"""

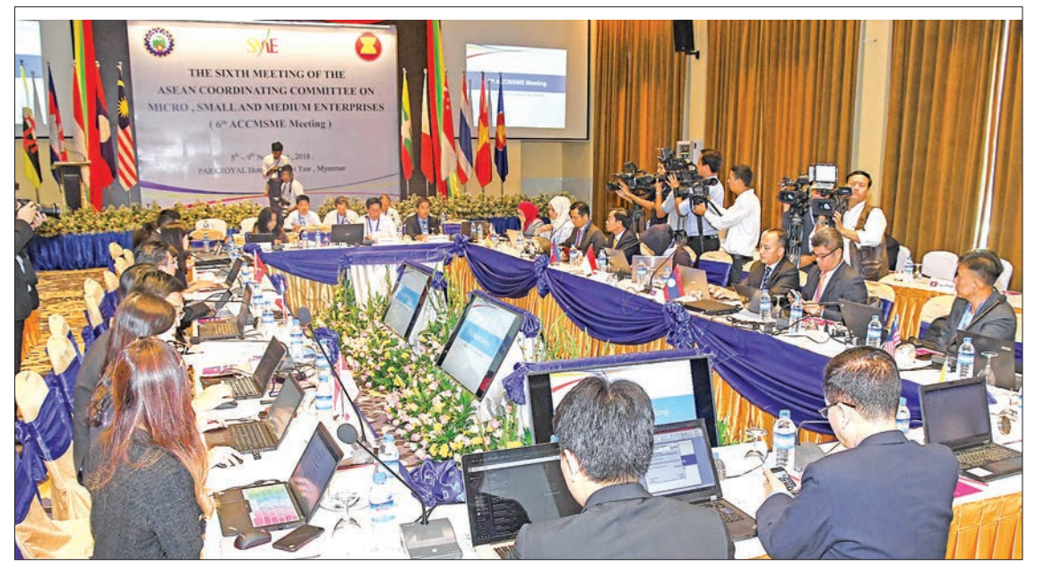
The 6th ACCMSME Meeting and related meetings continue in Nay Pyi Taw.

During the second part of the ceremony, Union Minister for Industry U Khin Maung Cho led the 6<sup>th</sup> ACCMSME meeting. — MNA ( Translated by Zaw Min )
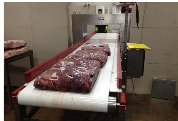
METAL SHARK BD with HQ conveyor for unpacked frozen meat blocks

"""
"""

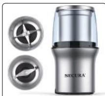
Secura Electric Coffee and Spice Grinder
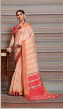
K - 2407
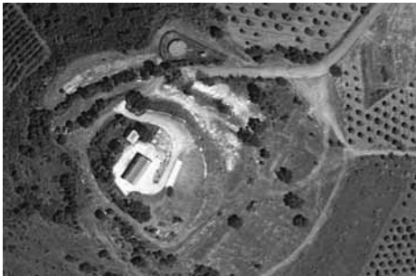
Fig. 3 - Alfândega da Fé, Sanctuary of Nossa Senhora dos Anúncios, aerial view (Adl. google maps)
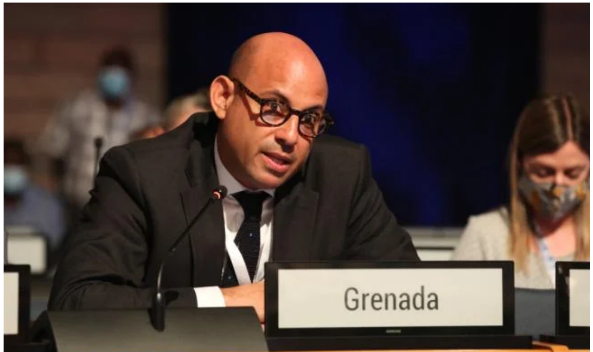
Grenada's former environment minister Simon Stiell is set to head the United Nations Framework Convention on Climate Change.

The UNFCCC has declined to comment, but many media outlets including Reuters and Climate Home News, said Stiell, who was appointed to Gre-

"""
"""

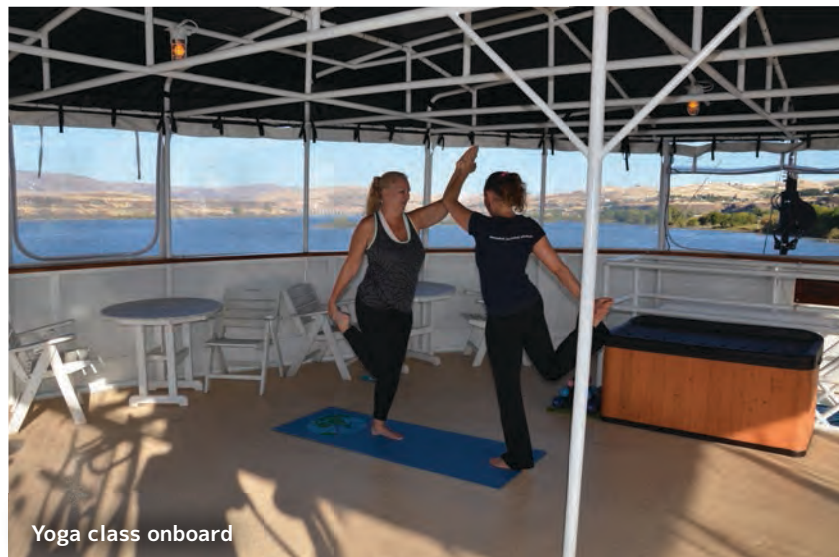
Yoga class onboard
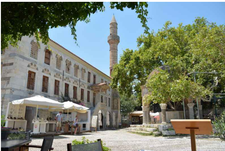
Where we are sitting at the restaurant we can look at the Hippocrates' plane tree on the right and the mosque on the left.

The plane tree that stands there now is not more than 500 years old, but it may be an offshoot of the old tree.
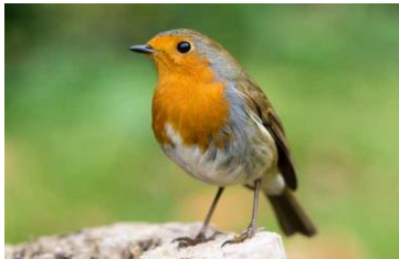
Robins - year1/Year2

"""

▶ What you are asked to do
Leaving every picture aside, reproduce exactly the lines above from the one with "Where we are" up to and including the one with "Robins - year1/Year2", and no others.

▶ Completed task
Where we are sitting at the restaurant we can look at the Hippocrates' plane tree on the right and the mosque on the left.

The plane tree that stands there now is not more than 500 years old, but it may be an offshoot of the old tree.
Robins - year1/Year2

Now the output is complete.